Much of the left’s national social-media sphere, however, had already devolved into a whine-fest. Thompson could have won if neoliberals in Washington had given a damn! The party is useless! The party is on track – Georgia’s sixth is where it’s at because national strategy is all about suburbs! Kansas is a bunch of idiots anyway! Curtis said flying under the national radar had been to their benefit for most of the campaign.
“As soon as it became about national politics and Donald Trump and Mike Pence and Ted Cruz,” Curtis said, “the [Republican party] was just able to use that to ramp up their people.”
But Curtis dispelled a theory going around that national Democrats stayed away because they were concerned their brand might be toxic to Thompson’s cause in Kansas.
“We would have welcomed them,” he said. “There were never any discussions like, ‘Don’t get involved, you guys won’t help us’.”
The day after the election, Thompson – sounding tired but upbeat, having just announced that he will vie for the House seat again in the 2018 midterms – said it had been just as Curtis predicted.
“[Curtis] told me at the very beginning, ‘Look, don’t expect anybody from the outside to come in and help us’,” Thompson said.
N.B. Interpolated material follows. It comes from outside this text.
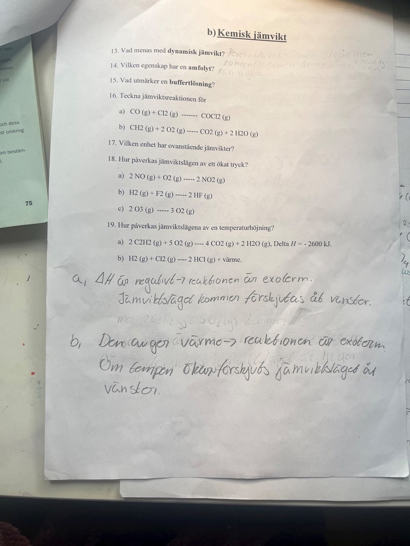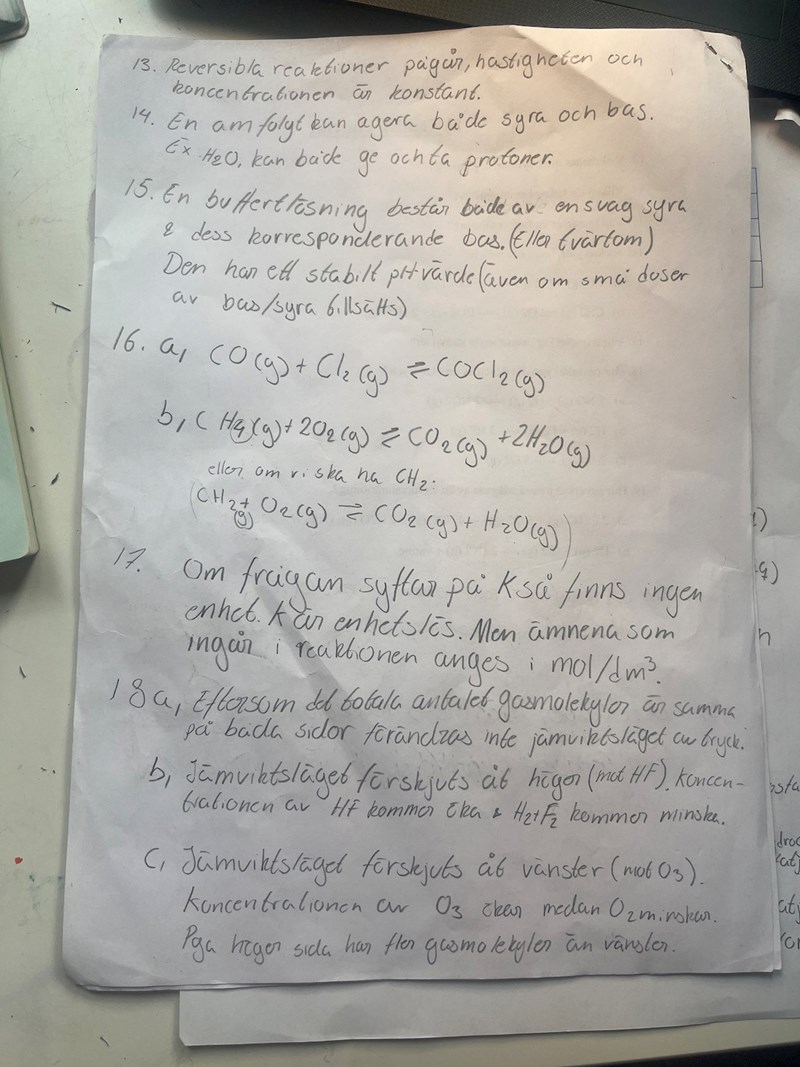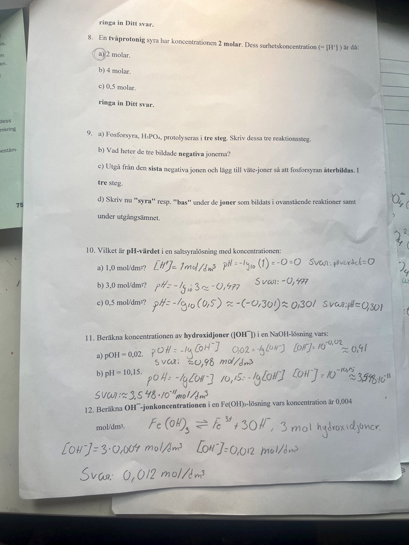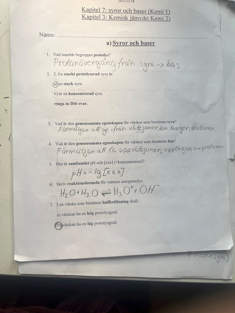 Hej! Stencil i kemi 1 och 2, syror och baser samt kemisk jämvikt. Har någon lust att koll om den är rätt? Tack på förhand!

He admitted it was frustrating to be written off by potential funders and boosters due to the perception that the race was an unwinnable waste.
“I got very sick of this terminology of ‘political capital’,” Thompson said. “Why won’t this person send out a tweet? Well, they don’t want to spend that ‘political capital’. Pardon my language: that’s bullshit.”
“I understand maybe not wanting to invest a bunch of money,” he said. “But the idea that somebody can’t send out a tweet or do something to help somebody to me is ridiculous.”